Глядя сквозь оптику Митчерлихов, можно увидеть, как в новой России представители политической элиты -- социального сословия, более всего нуждающегося в помощи для преодоления нарциссизма и для освоения способности скорбеть, -- воспользовались растерянностью только-только пробудившегося к политической жизни населения и узурпировали роль «социальных психотерапевтов». Митчерлихи ничего не знали о ценах на нефть и газ в начале XXI века, но они писали – как о главном «вытеснителе» рефлексии – о росте экономического благополучия в Германии[11]. По их мнению, именно «экономическое чудо» на десять лет задержало неизбежный расчет с нацистским прошлым.

Но обратимся к российскому опыту. Несколько лет формирования повествований о травме и сопутствующих этому процессу дискуссий о ней совпали с экономической неразберихой и трудностями административно-территориальных споров (дошедших, как известно, в некоторых случаях до локальных войн) конца 1980-х и 1990-х годов. Это позволило в конце 1990-х годов проявить инициативу деятельной части постсоветского общества, травмированной неспособностью к скорби по своим жертвам, – многочисленным сотрудникам прежних карательных и идеологических органов. На некоторое время этот круг даже вернул себе контроль над важными центрами воздействия – от основных источников сырья до главных СМИ. Но единственная идеология, на которую оказалась способна новая генерация кремлевских руководителей, свелась к консервации травмы.

Контроль со стороны чужих армий помогал немцам сосредоточиться на своей травме, рассказывать о ней друг другу и постепенно выйти из тупика, в которую те загнали себя под руководством национал-социалистов. Необходимость с чистого листа строить новое государство осознавалась и на западе, и на востоке Германии. Контроль «своих» чекистов над ситуацией, к которой они сами и их вчерашние начальники и привели Россию, может поддерживаться только соответствующими идеологическими клише. Складываемая из этих клише геополитическая химера околдовывает носителей языка. В День народного единства 4 ноября 2008 года вместе с миллионами пассажиров московского метро я слушал из репродукторов зажигательные речи об избавлении столицы от «польских оккупантов» в 1612 году, читал на стенах и дверях вагонов глумливый лозунг «Береженого банк бережет», внимал приглашениям на просмотр нового художественного фильма-агитки «Адмиралъ» (а по телевизору вечером того же дня предлагалось вновь ознакомиться с фильмом «1612») и понимал, что пассажиру предлагается уйти подальше и от политической современности, и от советского ХХ века – в гальванизированное прошлое того или иного «смутного времени». Одновременно осуществляется сознательно-бессознательный вывод из строя единственного познавательного инструмента, имеющегося в распоряжении людей, – их языка. Но вопрос об осознанности или неосознанности операций над языком, предпринятых за последние десять лет, хоть и интересен и важен, все же не находится в фокусе внимания данной статьи.

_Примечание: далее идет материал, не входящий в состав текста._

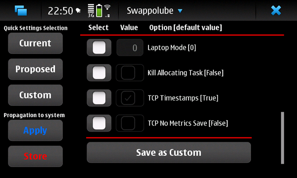 The SWAPPOLUBE is a user interface to the configuration of several parameters of the N900 kernel with the aim to make it faster.
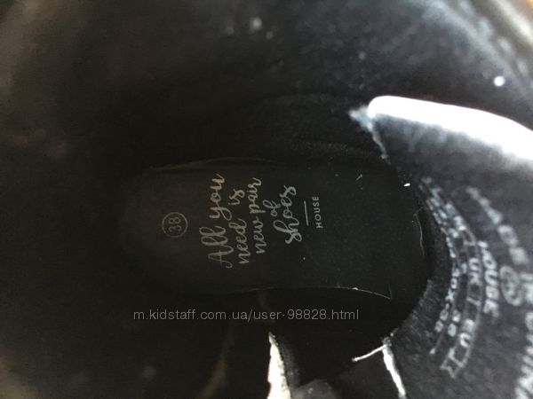 Гламурные ботинки House 38 р. (по стельке 23,5 см). Состояние как на фото, есть повреждения в местах залома внешнего материала, внутри состояние отличное. Ботинки выдержат ещё сезон. Цена 150 грн.
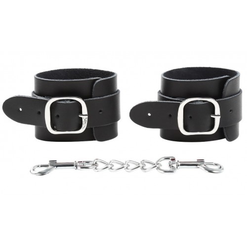 Удобные наручники изготовлены из натуральной кожи. Выполнены в классическом черном цвете, соединены между собой карабином.

Главной проблемой остается усугубление социально-исторической травмы вследствие массового распространения среди «пациентов» ложных сведений об их недуге. Как получилось, что официальная риторика первых постсоветских лет, после двойного «освобождения» России и от идеологии коммунизма, и от практики колонизирующего империализма, была так решительно свернута на рубеже веков?

Как показали в своих работах о социальной психологии супруги Митчерлих, процедуры социальной терапии травм стоят на рациональных основаниях. Эмоциональный фактор, конечно, учитывается, но не является главным. Речь идет о поиске общезначимого выхода из неблагоприятной ситуации. Рационализация эмоций сопряжена со сдержанностью в политической дискуссии. Там, где цензура отменена на уровне содержания высказывания, она абсолютно необходима на уровне его стилистического оформления. Именно стиль может заблокировать и отменить любую коммуникацию, не обязательно связанную с терапией травмы.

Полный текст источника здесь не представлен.